Archives Mensuelles: août 2018

[First Look] Dead Cells

Après l’E3 de la tristesse, après les des jeux qui ont été des déceptions ou qui n’ont pas tenus leurs promesses (pèle-même Zelda Breath of the Wild, Super Mario Odyssey, Uncharted 4, God of War, Monster Hunter World pour ne citer que les plus gros), voici qu’est sorti cet été le formidable Dead Cells, prêt à sauver le monde des jeux vidéo! Rien que ça!

Dead Cells
Arrivé au milieu de mes vacances d’été, ce jeu est tout bonnement fantastique! Très enthousiaste à l’idée d’y jouer, j’avais peur d’en attendre trop et d’être au final un peu déçu par le jeu. Et bien pas du tout! Après un Nier Automata vraiment épatant, Dead Cells achève de me réconcilier avec les jeux vidéo modernes! Ouais, carrément!

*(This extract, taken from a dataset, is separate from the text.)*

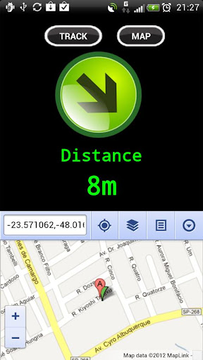 2 - Back in the main menu and click on the track, an arrow will appear when you click track he sent a SMS to the GPS-TRACKER this and responded when receiving the SMS, the arrow will be updated. If you want to see the map, simply click on map (this function do you use internet)

Dead Cells - cover artDéveloppé par les bordelais de Motion Twin, Dead Cells est un rogue like (ou plutôt un rogue lite comme on doit dire maintenant) qui combine tout un tas de traits propres à différents genres de jeux, en premier lieu la plateforme et l’action-aventure. Et c’est vrai que Dead Cells pioche un peu partout, de Megaman à Dark Souls en passant par Metroid. Mais ce qui est le plus important, c’est que la sauce prend très bien et, pour ne rien gâcher, la direction artistique et la réalisation sont au top!

Disponible en accès anticipé sur PC depuis le 10 mai 2017, Dead Cells est sorti le 7 août 2018 sur toutes les consoles actuelles (PS4, XBox One et Switch) et a même eu droit à une version physique un peu plus tard ce même mois d’août. C’est évidemment cette version que j’ai choisie (car le démat’ c’est le mal ce n’est pas ma tasse de thé). Et si je suis sûr que le jeu est très bon sur PS4 ou XBox One, je dois dire que pour ce qui me concerne, c’est LE jeu qui transcende le concept de la switch. Parce qu’avant lui, j’avoue qu je n’avais quasiment jamais joué à la Switch ailleurs que sur la télé. Mais avec Dead Cells, c’est différent. Un trou de 10 minutes dans mon planning et hop, je chope la console, j’y joue sur un coin de table et je la repose sur son socle où ma partie attendra mon retour bien sagement (bon, ok, parfois, j’y reste plus que 10 minutes!). Car, contrairement à beaucoup de jeux modernes, en 10 minutes dans Dead Cells, on a le temps de faire des choses. On a le temps de s’amuser. On a le temps de jouer, tout simplement. Et ça c’est vraiment agréable. Pas besoin de se taper des logos à rallonges avant de commencer la partie. Pas besoin de se balader dans un hub pour lancer la partie. Pas besoin de faire 20 bornes à pieds dans les champs pour trouver un donjon. De la simplicité. Du bonheur quoi. Ce qui n’empêche pas pour autant les parties complètes d’être beaucoup (beaucoup) plus longues!

dead CellsBref, j’ai plein de choses à dire sur ce jeu et il faudra que je trouve du temps pour vous expliquer tout le bien que j’en pense plus en détails. En attendant, tout ce que vous avez besoin de savoir, c’est que ce jeu est exceptionnel. On prend vraiment du plaisir à déambuler dans les différents lieux de cette prison, à ferrailler contre ces ennemis divers et variés, à débloquer des armes toutes plus folles les unes que les autres et à se rapprocher de la sortie. Oui, on peste parfois contre un boss trop méchant ou une nuée d’ennemis trop excités, et plus souvent contre nous-mêmes pour avoir été trop gourmand. Mais on kiffe. On kiffe en mode portable, on kiffe en mode dock, on kiffe partout (sauf peut-être dans le jardin vu comme l’écran de la Switch est illisible quand il y a du soleil!!!). Une des meilleures preuve de tout ça, c’est que malgré des vacances très chargées (surtout à base de travaux et de destruction de cheminée), et un arrivage tardif du jeu, j’ai déjà passé plus de 30 heures dessus! Car comme Rogue Legacy en son temps, Dead Cells est un jeu particulièrement addictif. Encore un peu et ce sera le jeu Switch sur lequel j’aurai le plus d’heures de jeu!